When not specified, analyses were performed with in-house Perl and R scripts.
All studied samples were aligned independently with regard to their sequencing lane, and then merged by individual before identification of RNA/DNA differences.
Genomic sequences analyses.
Sequences were aligned to the current chicken genome assembly (Gallus gallus 4) using the BWA program version 0.7.0, option aln . Sequences were then filtered on mapping quality (MAPQ≥30). SAMtools rmdup command was used to remove possible PCR duplicates.
PolyA RNA sequences analysis.
Sequences were aligned with Tophat software version 2.0.5 on the chicken reference genome Galgal4 as described in .
Sequences mapping uniquely on the reference genome, without PCR duplicates and with a minimum mapping quality of 30, were selected.
Identification of RNA/DNA differences.
Sequences were locally realigned and recalibrated before SNP detection with GATK software version 1.6.11 and BamUtil (bam recab command).
SAMtools software version 0.1.19 was used with mpileup utility to detect SNPs between DNA and RNA samples from each individual. We set a maximum coverage of 10,000 for each calling to take into account as many reads as possible in the calling. SNPs were detected independently on each biological replicate.
SNPs were analyzed from VCF files obtained from SAMtools mpileup detection. For each biological replicate, only variations where DNA was homozygous either for the reference allele or for the alternative allele, and where RNA was heterozygous, were kept.

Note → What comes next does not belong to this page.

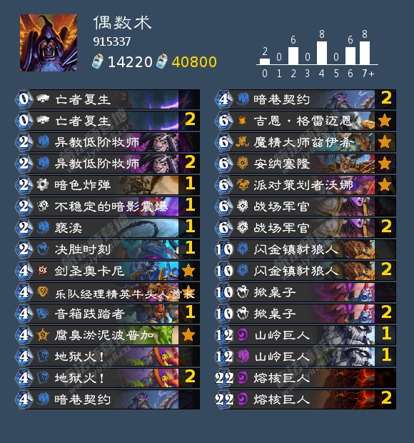 补丁后从将近四万名开打,到今天六千九百名,还解锁了12连胜成就,感觉偶数术有一定强度而且还有优化的空间,遂抛砖引玉分享一下卡组供大家讨论,有上分烦恼的老哥也可以来试试这套偶数术。 补丁后快攻数量锐减,起手留牌全力找巨人牌即可,后手两个巨人在手的情况可以留战场军官,理想情况三费一个巨人四费巨人打一下再下一个巨人,五费跳军官可以斩杀40卡组。对快攻我们有掀桌子亵渎解场,腐臭淤泥和地狱火!回血。打后期卡组尽量中期用巨人踢死,但也不要怕被拖到后期,我们带了魔晶大师重回中期。 由于我一般都是碎片时间手机玩炉石,所以也没有具体胜率和对各职业情况,大概口述一下,环境中快攻少了很多,对海盗瞎大概是3-1或者2-1吧,注意就是解牌该交就交,别贪,对任务瞎就打了一局输了;对yuan各类德鲁伊和任务都是优势,这些卡组不好处理一波又一波的巨人,yuan算很能解的了,但40卡组不可能想要什么来什么;对大哥萨取决于对面胡不胡,战绩上看是优势对局;对蛋猎大劣,印象里好像是没赢过;对任务法劣势,赢一手牛里塞的无语的证人,最后注意暗色炸弹是直伤有时候要留着打脸的。 最后说一下我认为可优化的卡,掀桌子和亵渎感觉在现在狂野环境用处不大了;不稳定的暗影震爆可以处理六血生物反倒比亵渎更有用;牛里的卡有优化空间,实在没什么带了选了魂火补一下伤害;派对策划者并不是刚需,6费有点尴尬起手留不留都要考虑;最后就是熔核巨人感觉有点没用了,能拍下去的局都很少,我现在一直在想用血肉巨人替掉,然后掀桌子亵渎留一张换两个任务术用的221,配合英雄技能亡者复生腐臭淤泥地狱火!给血肉巨人减费,没有付诸行动的原因是现在战绩很好缺乏改卡组的动力。大概就是这些吧,卡组代码发评论区

Several successive filters were applied to consider a position as a putative RDD site. We first only considered positions with a sufficient depth, keeping only candidates presenting a minimum of 15 reads both in DNA and RNA alignments. To increase the likelihood of a site to be a true RDD position by avoiding a sample artefact, we set to 2 the number of biological replicates that must carry the same modification.
We then applied several filters inherent to technical bias due to high-throughput sequencing.
As there is an over-representation of mis-called SNP in read extremities [37–39], we discarded each RDD site for which the median position of the "edited" allele among reads overlapping them was in the 10 first or 10 last bases. In accordance with previous studies , we chose to consider only the distribution of the “edited” nucleotide position, to increase the stringency of the method.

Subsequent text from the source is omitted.